I have 155 pending comments right now. The overwhelming majority of them are pingbacks from benign scrapers. Some may see this as a boon but I view these scrapers as arterial plaque that could ultimately give the Internet a heart attack.
Here's my personal diagnosis.
My definition of a benign scraper is a site that scrapes content but provides attribution. I've gotten a ton of these recently because of links I received in high profile sites within the search community. Those sites are the target of these scrapers so my link gets carried along as part of the deal.
The attitude by most is that the practice won't damage the scraped site and may actually provide a benefit through the additional links. Heck, Jon Cooper at Point Blank SEO even came up with a clever way to track the scrape rate of a site as a way to determine which sites might be the best candidates for guest posts.
Signs and Symptoms
But what do these scraper sites look like? Some of these scrapers might have original content mixed in with the scraped content but in reviewing my pingbacks this seems like the exception and not the rule. Most of these benign scrapers are just pulling in content from a number of feeds and stuffing it onto the page hoping that users show up and click on ads and that the content owners don't take exception.

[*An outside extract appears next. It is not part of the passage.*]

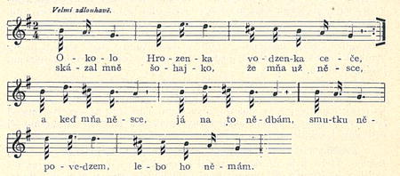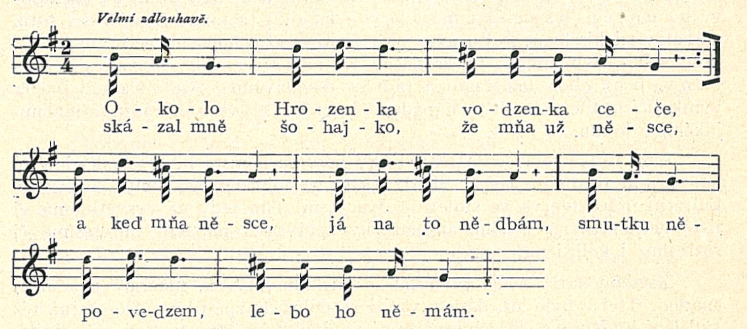 Co krásy zkoncentrováno v této nádherné písni! Jaký jest její nápěv? Hluboký, pravdivý. Má svůj kopaničárský výraz, přibarvený tóninou. Chtěl-li by někdo snad říci, že lydickou, nebyl by ještě v právu! Nebudeme se však s moudrým příti o lapalie. Sv. Ambrož jistě není původcem kopaničárské stupnice: g, a, h, cis, d, e, fis, g, tedy G-dur se zvýšeným IV. stupněm, ale aspoň nás tu interessuje. Třebas ne tím způsobem, jakým nás hudebně zajímají na př. naši bratří Slováci a Maďaři v Uhrách, ale právě tím, že pro náležitý hudební výraz nalezli i originální kopaničáři — aniž by byli hledali — vedle jiných různých výra? zových prostředků: tytéž tóniny, jichž používáno v g r e g o r i á n-
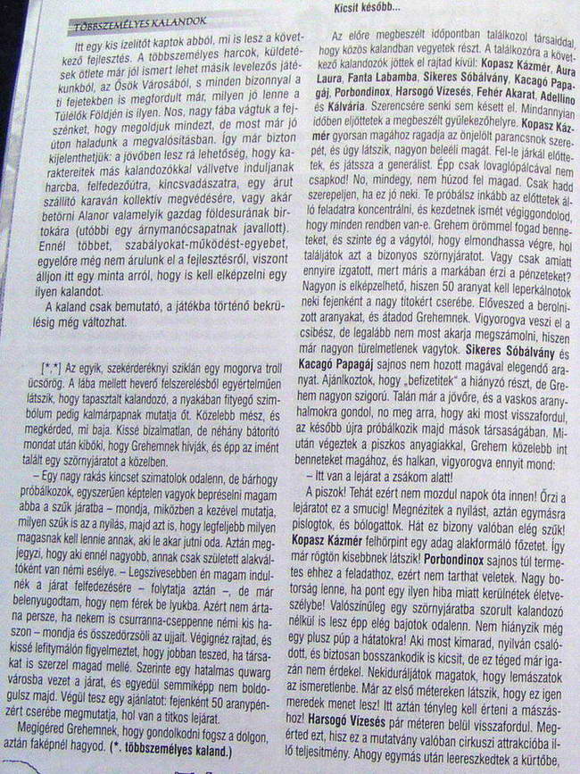 | Új/módosult hírelemek | | Yaurri bányászverseny 3. | | Yaurri mászóverseny 3. | | Yaurri titkosírás verseny 2. | | Yaurri testépítő verseny 2. | | Titanitdukát aukció – 2024. nyár - nyertesek | | Olimpiák története | | A Sötétség Kora | | Termikrajzás 2. | | Yaurri felderítőverseny 2 | | Yaurri felderítőverseny | | XLIV. Alanori Mini Olimpia | | Yaurri kézművesverseny 2. | | Yaurri bányászverseny 2. | | Kalandozók Versenye 2. A Yaurri mászóverseny ma (február 14-én) indult! | | YAURRI TESTEDZŐ VERSENY | | Yaurri titkosírás verseny | | Termikrajzás | | Morf Invázió II. | | LVI. Alanori Olimpia | | XXXVI. Alanori Mini Olimpia | | Yaurri kézművesverseny | | Yaurri bányászverseny | | Plusz TP 2 hétig | | Kalandozók Versenye | | Névpályázat | | Meghalt VI. Borax | | Klasszikus TF 2. - zárás | | Résföld | | XXXIII. Alanori Mini Olimpia | | Végzet Verme 3 | | Élelemszerzés változások | | Elmaradt találkozó | | R.I.P. J.Lo | | Negatív Sík | | 53. Beholder Találkozó - 2020.07.18. szombat | | Titanitdukát aukció - 2020. nyár | | TIT3 titkosírás megfejtő | | R.I.P. | | Klasszikus TF | | Spunk - Pihi | | TRINIGAN RÚNÁJA (453. VARÁZSLÓ VARÁZSLAT) | | Szörny-, varázslat és tárgytervező pályázat | | Végzet Verme 2. | | Az Élet Síkja | | Fairlight bank kamatváltozás | | Szünet az Online táplálásban | | Morf invázió | | Túlélők Földje - Kapcsolat | | Automata táplálás ma délután 4-től élesben (2019. február 18.) | | Online táplálás csevegés (ex-Szerver karbantartás) | | A Tűz síkja | | L. Alanori Olimpia | | Nem hittétek, hogy komoly, mi? | | Hát ez (a) Bunkóság! | | Lemaradt KT-k fejlesztésének a segítése | | Házavató + afterparti Donnánál | | TF fórum - beszéljük meg! | | Élőholt invázió event 2018 | | 25 éves a TF - cikk a nerdblogon | | Új szigetek Erdauinon! | | Kvíz reloaded | | Vashegyek Nemzete KT. #9122 | | Jelentkezés az Olimpiára | | Befizetési akció 2017.06.08. - 2017.06.22. | | A Végzet Verme | | Beholder 25! | | Aukciós változás | | Túlélők 9172KT | | Eseménynaptár 2017 | | Túlélők Földje: Tűzvihar | | Ünnepi munkarend a Beholdernél | | Föld Létsíkja | | III. Quwarg rajzás állapotok | | Álláshirdetés Alanori Könyvtár | | 12! | | Víz Létsíkja | | TF Format a Beholder honlapon | | Letöltések a 4 napos ünnep idején | | Olimpiai Láng | | Kincsvadászat a Kiégett Földeken!!! | | Kvííííz! | | Szabad Kompánia - Toborzás | | Nyugati fejlesztés | | Arany Nyúl Díj '15 | | Tárgy- és varázslattervezői pályázat | | III. Quwarg Invázió előzetes | | Olimpiai Aukció 2015.11.28 | | Túlélők Földje tárgy- és varázslattervezői pályázat | | Társasjáték tesztelés (Startupper Game) | | Kufár hiányában... | | XLIII. BEHOLDER TALÁLKOZÓ PROGRAMJA | | Masszainvázió!!! | | Péntek 13. - Folytatás a Naplók menüben | | Keresem, kutatom | | Idétlen időkig TF... 20 éve | | Bea Melindre és William Madden nagy napja :) | | Közös Tudatok listája | | Új event kibeszélő | | Az átalakulás megkezdődött | | Olimpiai Aukció 2014.11.29 (v11.2) | | Erdauini hírek | | Hétvégi letöltés dömping :) | | Technika ördöge | | Letöltés Október 18-án | | Elementál rajzás | | TS3 szerver | | Két magányos lélek! | | Olimpiai Aukció 2014.06.21 (v10.2) | | Varkaudar-Thargodan Invázió | | 10 éves a GN! | | Bunkó Akadémia | | Ezüstszelence | | Ünnepi munkarend | | Kalandozók Figyelem | | Olimpiai Aukció 2013.11.30 (v9.2) | | Téli Aukció hírek | | Toronyháború 2. | | Házasodott a gizda | | Reloaded | | Help (nem tf) | | Hogyan lesz a Vajákosnak piszkafája? | | Lemaradás vásárlás | | Olimpiai Aukció 2013.06.22. (v8.0) | | Péntek esti bemelegítés | | AK-s labirintusok és krónika (#1725) | | Tárgytervezői pályázat | | Egy ma született húsvéti bárány :-) | | Szerezz ajándékot Túlélők Földje vagy Végzetúr karaktered számára. | | Térkép a netes fordulókban | | Túlélők Földje Bónuszok | | Varázslatok fejlesztése | | II. Quwarg rajzás | | NJK tervezői pályázat - Eredményhirdetés | | Jelenlét bónusz | | EXTRA | | VÉRTVORNYAAAAAA!!!!!!! | | Melegítés a talira | | Olimpiai Aukció 2012.11.24. (v7.0) | | MAFFIA KT Reborn | | NJK Tervezői Pályázat | | II. Quwarg rajzás - Ryuku szigetek | | Probléma | | FOCI EB (vaúúúúúú) JÁTÉK | | Nyilt level Krapixlon Authir olimpiai foszervezonek | | Olimpiai Aukció 2012.06.23. (v6.0) | | ÁRNYMENŐK (#9153 KT) tagokat keres! | | A XXXVII. Beholder találkozó programja | | Rius featuring Koc a Milliomosban | | Közös TF-es Yahoo-s listák | | Elhunyt Wachek Norbi (White Nor Wacak) | | Pályázatok a Túlélők Földje játékosainak a XXXVII. Beholder Találkozóra! | | Quwrag rajzások hősei 2. | | Szakértelem revamp | | Bunkó Akadémia | | A quwarg rajzás hősei | | I. Káosz Bál | | 1. Tesztolimpia | | Tudásbázis moderátorokat keresek | | Quwarg Rajzás 2. | | A Korona Bajnokai (#9125) tagfelvételt hirdet | | új TK-k | | Quwarg rajzás 2 | | Beholder Kft. - Ünnepi munkarend | | Elkezdődött a II. quwarg rajzás? | | Tesztolimpia | | Aukció | | TF fórum - beszéljük meg! | | Olimpiai Aukció 2011.11.26. (v5.0) | | Fogadás! | | Az Ország Boltja verseny - +5% TP | | Mínosz-kúpok a Kiégett Földeken | | Kilépés a KT-ból | | Adatbázis-bővítés | | XXXVI. Beholder találkozó | | Ébredés | | Tag felvétel | | Változások 2011.09.29. | | Rendkívüli tf-fórum | | Beállítós UL | | Lemaradás vásárlás - véglegesítve | | Lemaradás vásárlás | | Tali Aukció 2011.06.18. (v 4.0) | | TVP termelő kiskapu | | Borax király beteg | | A XXXV. Beholder találkozó programja | | Vertestverek LAST MINUTE | | Ünnepi munkarend | | Új terület: Kiégett Föld | | TF talis aukció v3.0 | | A XXXIV. Beholder találkozó programja | | Erőpróba | | Várkuti találkozó hely

"Hey, I gave you a link, so we're cool, right bro?"
No bro, we're not cool.
This stuff is garbage. It's content pollution. It is the arterial plaque of the Internet.
Google is trying to keep up and often removes this dreck from the index.
But for every one that Google removes there's another that persists.
How long until the build up of this arterial plaque gives the Internet a heart attack? One day we'll wake up and the garbage will be piled high like a horrifying episode of Hoarders.
The industry attitude toward these scrapers is essentially a tacit endorsement. It brings to mind the quote attributed to Edmund Burke.
All that is necessary for the triumph of evil is that good men do nothing.
We turn a blind eye and whistle past the graveyard happily trusting that Google will sort it all out. They'll make sure that the original content is returned instead of the scraped content. That's a lot of faith to put in Google, particularly as they struggle to keep up with the increasing pace of digital content.
Are we really this desperate for links?
Yet, we whine about how SEO is viewed by those outside of the industry. And we'll whine again when Google gets a search result wrong and shows a scraper above the original content. Indignant blog posts will be written.
Even if we wanted to, we have few tools at our disposal to tell Google about these sites. The tools we do have are onerous and inefficient.
It doesn't have to be that way.
Why not build a Chrome extension that lets me flag and report scraper sites? Or a WordPress Plugin that lets me mark and report a site as a scraper directly within the comment interface. Or how about a section in Google Webmaster Tools where I can review links?
Sure, there are reporting issues and biases but those are solvable problems. Thing is, many doctors have a God complex. Google may not think we're able to contribute to the diagnosis. That would be a mistake.
Maybe we don't want to be cured. Perhaps we're all willing to let this junk persist, willing to smile as your mom finds one of these sites when she's looking for that article you wrote. Willing to believe that your brand is totally safe when it appears on these sites. But the rest of the world isn't nearly as savvy as you think.
I know many of these links work, but they shouldn't. The fact that they do worries me. Because, over time, people might not be able to tell the difference and that's not the Internet I want.
Today these scrapers are benign but tomorrow they could turn malignant.